# Fan Made TOWER OF TERROR Ride!



## MooreEnt24 (Jan 17, 2009)

In the Fall of 2005, my brother and I (avid fans of the Disney Twilight Zone Tower of Terror attraction) decided to re-create this ride in our garage!

The attraction has an actual, operating (and dropping) elevator that we built our selves.

I designed and edited the ride soundtrack, sets, and special effects.

Check it out and leave your comments in the forum below!

VIDEOS:
















Enjoy and Happy Haunting!


----------



## HalloweenRick (Nov 25, 2005)

Very Cool!


----------



## EMU (Dec 4, 2007)

that's great! very well set up


----------



## Tyler (Jul 17, 2008)

Wow!! Thats awesome!!!!!!!!!!


----------



## Sickie Ickie (Jun 20, 2006)

Was the elevator lifted on the pullies by motors or muscle?

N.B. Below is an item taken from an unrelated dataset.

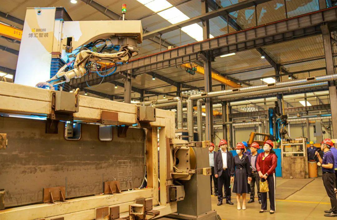 培訓(xùn)學(xué)員抵達(dá)公司后,付總代表公司對(duì)“新時(shí)代江蘇民營(yíng)企業(yè)家培養(yǎng)計(jì)劃”第五次集中培訓(xùn)學(xué)員們的到來表示熱烈地歡迎,并邀請(qǐng)大家觀看我司宣傳片,對(duì)公司所屬行業(yè)及產(chǎn)品進(jìn)行了大致介紹。隨后,學(xué)員們深入我公司東環(huán)廠區(qū)車間現(xiàn)場(chǎng)進(jìn)行觀摩,付總向大家詳細(xì)介紹公司配重焊接機(jī)器人生產(chǎn)線、水性漆自動(dòng)噴涂生產(chǎn)線的生產(chǎn)工藝、生產(chǎn)規(guī)模、產(chǎn)品銷售等情況。
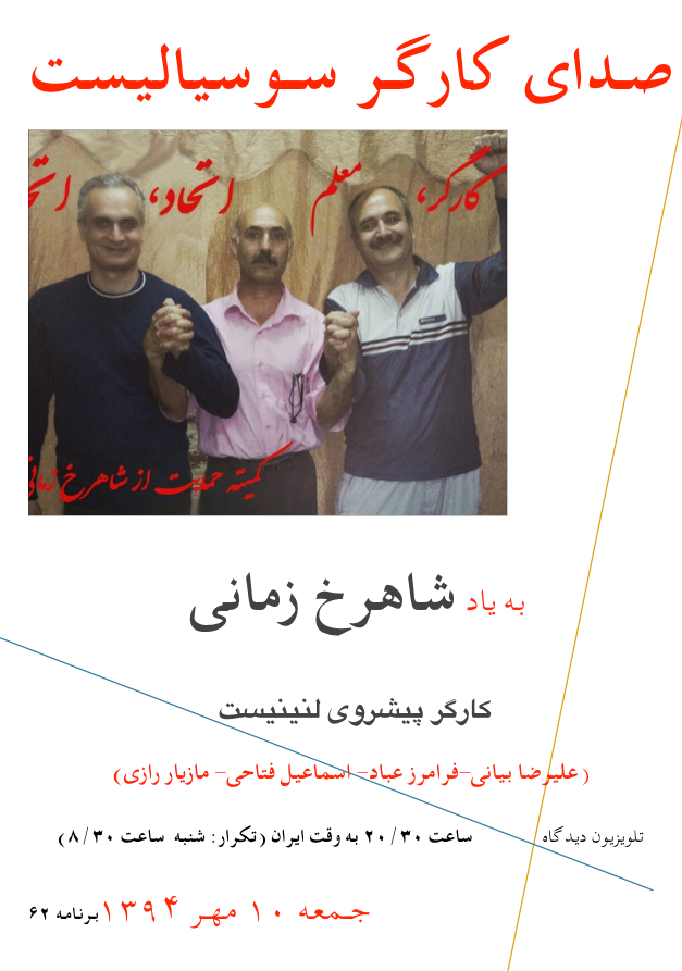 صدای کارگر سوسیالیست ،برنامه ۶۳ ۱۷ مهر ۹۴، تلویزیون دیدگاه رو به ایران این برنامه شامل: میراث شاهرخ زمانی به سوی تقویت کمیته اقدام کارگری علیرضا بیانی/مازیار رازی http://didgah.

Nice job on the library vid and nice job with the ride! I wish I could have experienced it!


----------



## Terrormaster (Sep 27, 2007)

Definitely pretty cool and an awesome low-tech solution as well. The original is still one of my favorite rides at Disney.


----------



## lowdwnrob (Jul 2, 2008)

That is insane. Awesome job. Those kids seemed to love it.


----------



## MooreEnt24 (Jan 17, 2009)

Thanks guys!

The elevator was lifted by muscle...very low budget.


----------



## MooreEnt24 (Jan 17, 2009)

Just updated the links. I had to remove some audio/video to prevent copyright issues.


----------